Whether it’s stealing oceans of personally identifiable information or holding major corporations for ransom, cybercrime is big business, dealing in big money. If you’re a CISO or other security professional, you have to deal with the aftermath of such attacks, but simply responding isn’t nearly enough. Addressing attendees at the RSAC Conference in San Francisco, Google threat intelligence VP Sandra Joyce called on the industry to take the fight upstream to the attackers and ensure they have a very bad day.

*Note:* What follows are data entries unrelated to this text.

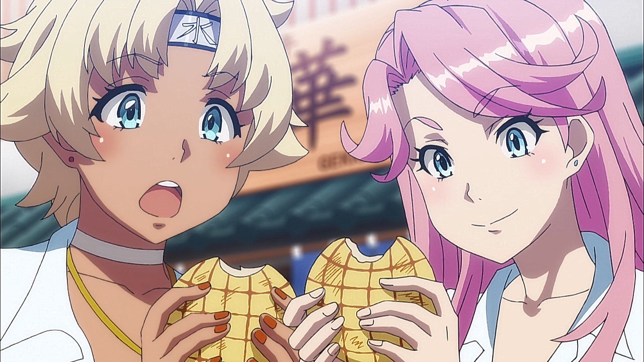 While the plot is legitimized by presenting Rin’s Jet Racing Club with the goal of being recognized as Tokyo’s highest echelon of racers, there are still moments of levity when we’re given more time with the foreign jet-racing duo of Jennifer and Emily. These two carry the distinction of fully embracing the stereotype of the goofy otaku who come to Tokyo expecting to bring their obsession with anime and Japanese nerd culture along for the ride. Jennifer and Emily’s hardcore otakudom is made charming by having them remain immersed in their experiences of Tokyo, whether it be through trying out the local cuisine or stopping by attractions such as the bathhouse that they visit so that we can fill our quota of uncensored chests in this episode.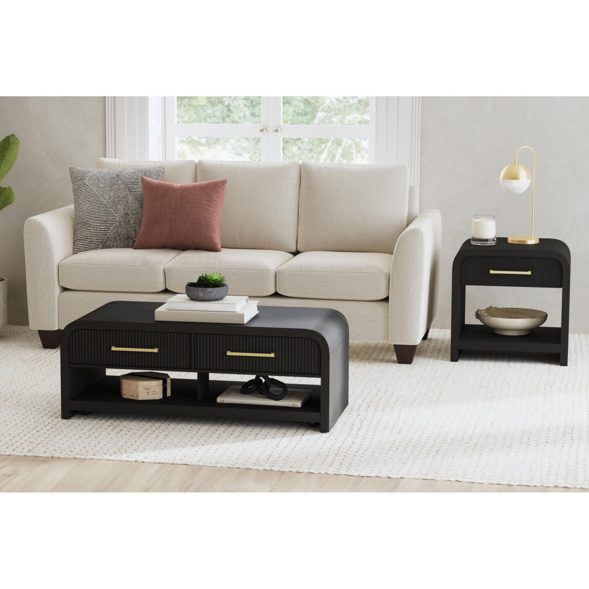 Accent your living space with the sleek and polished design of the Ridgemont 2 Piece Occasional Table Set. Created with delicately curved corners, the tabletopsÕ spacious surfaces are complemented by equally broad open shelves, extending your storage and display options. Convenient casters rest under the coffee table to simplify maneuvering the piece throughout your space, while an end table with a thoughtfully integrated USB port streamlines charging electronics. Whether staging your favorite photos, displaying accent pieces, or hosting essential table lamps, the Ridgemont 2 Piece Occasional Table Set is the perfect collection to add a sophisticated touch to your home.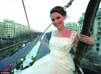 长长的婚纱裙摆从来都是婚礼上一道亮丽的风景线,但在罗马尼亚首都布加勒斯特,有件婚纱的裙摆长度已远远超出伴娘双手的控制范围,必须借助热气球来加以展示。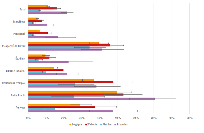 Les personnes faisant le plus fréquemment face à une situation de privation matérielle et sociale sont les demandeurs d’emploi, les personnes en incapacité de travail, les personnes au foyer et les autres inactifs. À l’opposé, les travailleurs, les pensionnés et les étudiants font moins souvent face à ces difficultés. On retrouve ce lien entre statut socio-professionnel et privation dans les trois régions, mais avec des différences de niveaux notables. À situation équivalente, le risque de privation est plus élevé en Wallonie qu’en Flandre. À Bruxelles, les taux sont similaires, et souvent légèrement supérieurs, à ceux qu’on observe en Wallonie.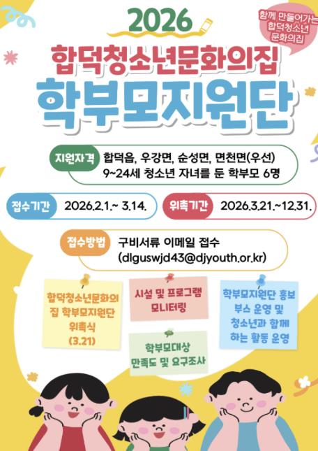[파이낸셜경제=김영란 기자] (재)당진시청소년재단 합덕청소년문화의집에서는 3월 14일까지 당진시 거주 청소년(9세~24세) 자녀를 둔 학부모 6명을 대상으로 2026년 합덕청소년문화의집 학부모 지원단을 모집할 예정이다.(단, 합덕읍, 우강면, 순성면, 면천면 거주 학부모 우선 순위)
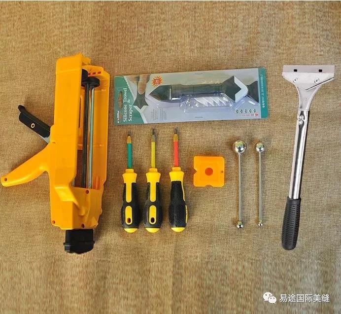 3 施工工具缺一不可 施工之前帶好所有的使用工具,保持干凈整潔有條理,給業(yè)主帶來(lái)一種干凈負(fù)責(zé)不隨意的好印象。一般情況下,美縫工具主要包括清縫工具、美工刀、刮片、美紋紙、鏟刀、美縫蠟、海綿、助力膠槍等。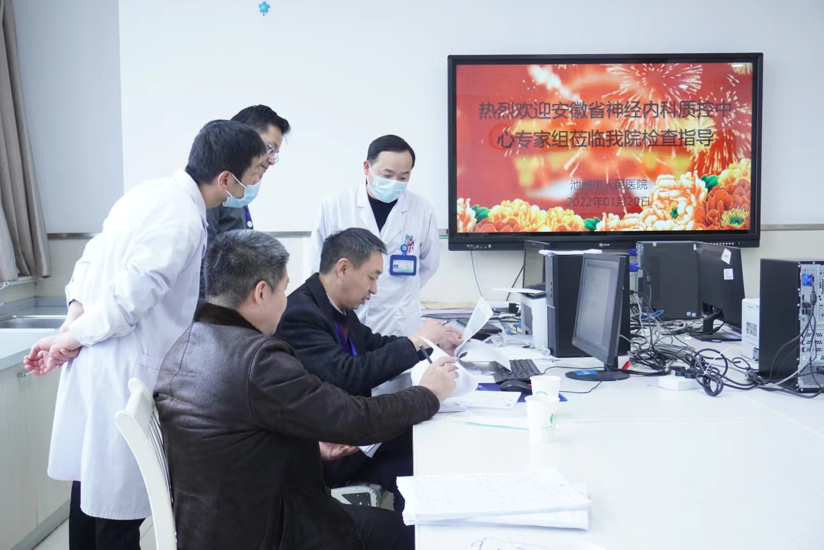 评估工作分为两个阶段进行:第一阶段各医院上报2021年急性脑梗死溶栓、取栓治疗一览表数据;第二阶段我中心选取5个地级市、抽取一个市以及2家省级单位进行现场检查。在完成第一个阶段数据采集后,中心主任汪凯组织神经内科质控中心委员,分为三个检查组,开展现场评估工作,并在检查前举行线上沟通交流会,确定评估标准及评估流程。2022年1月18日-21日,三组质控检查专家组遵照省卫健委评估工作要求,不要陪同、不听汇报、不做宣传,直接查看病房现场及相关资料,根据脑血管病质控标准对选取的医院开展评估检查,检查意见现场反馈,1月21日现场评估工作圆满完成,并将评估结果汇总形成评估报告,上报至省卫健委。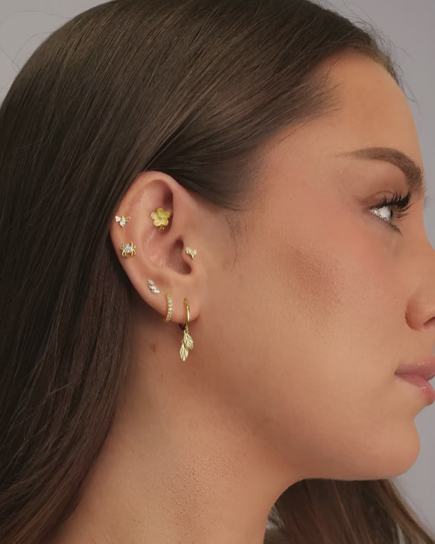 Firefly diamond flat back earrings in 18k gold as helix earrings on model.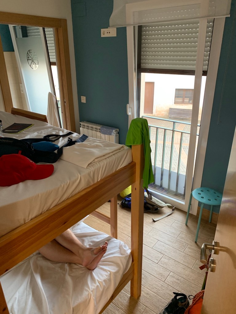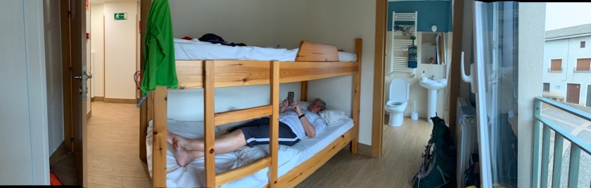 We have stayed in albergues with the bunk bed arrangement before, but only do it if other options are not available. Normally we stay in a double room with ensuite bathroom, like a typical hotel room. Sharing a bathroom/shower with others is not a problem, only a little inconvenient. Double rooms with bath ( habitacion doble con baño) can be found in pencions, casa rurals, hostals and even most albergues at a cost slightly more than two single bunk beds in a dorm arrangement. Consequently, whenever available, we opt for the double room with bath. For example, we described above our accommodations for tonight which is 40€. Last night in Estella we stayed at ground zero for the biggest festival of the year, watched festivities from our room balcony, amenities like extra towels, soap, shampoo, drinking glasses, chairs to sit in, plenty of room at 45€.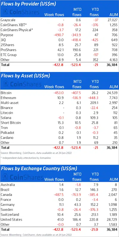 Coinshares’e göre yaşanan fon çıkışları 17 Haziran tarihinde gerçekleşti ancak kurumsal şirketler ve yatırımcıların bunları gecikmeli olarak bildirmesi nedeniyle bu değerler bu haftanın raporuna yansıdı.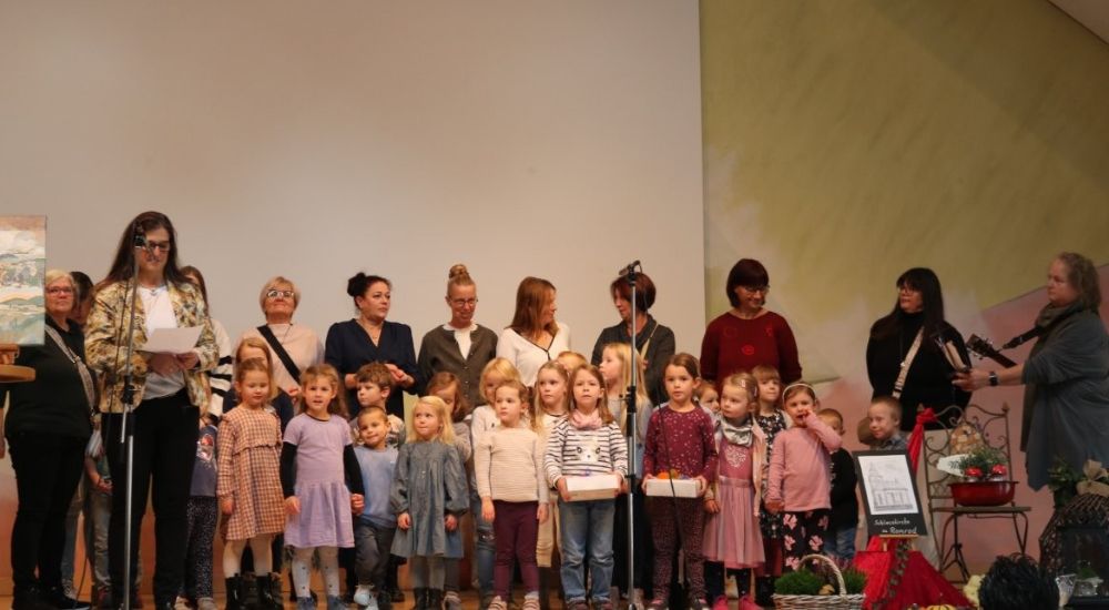 Dafür versammelten sich die Kinder und einige der pädagogischen Fachkräfte der Kindertagesstätte nach dem Gottesdienst im Bürgerhaus. Das erste Lied, „Regenbogen, Regenbogen“, wurde von der pädagogischen Fachkraft Rike Greb auf der Gitarre begleitet. Während des Liedes standen die Kinder gemeinsam mit den Erzieherinnen auf der Bühne und schwangen bunte Tücher über ihren Köpfen – ein fröhliches und farbenfrohes Regenbogenbild erfüllte den Saal.

“Our adversaries are evolving,” said Joyce. “They have serious resources in play. We see this in a shift toward mass extortion groups, attacking hundreds of targets simultaneously.” She pointed out that in a typical attack, the group that achieves initial access hands off its gains to a secondary group that uses the cyber-loot. Since 2022, the time between that initial access and the handoff has dropped from eight hours to 22 seconds.

Cyber attackers are shifting away from opportunistic data sales to pre-planned partnerships, noted Joyce. And adversaries now rely on AI to further advance speed, scale, and sophistication.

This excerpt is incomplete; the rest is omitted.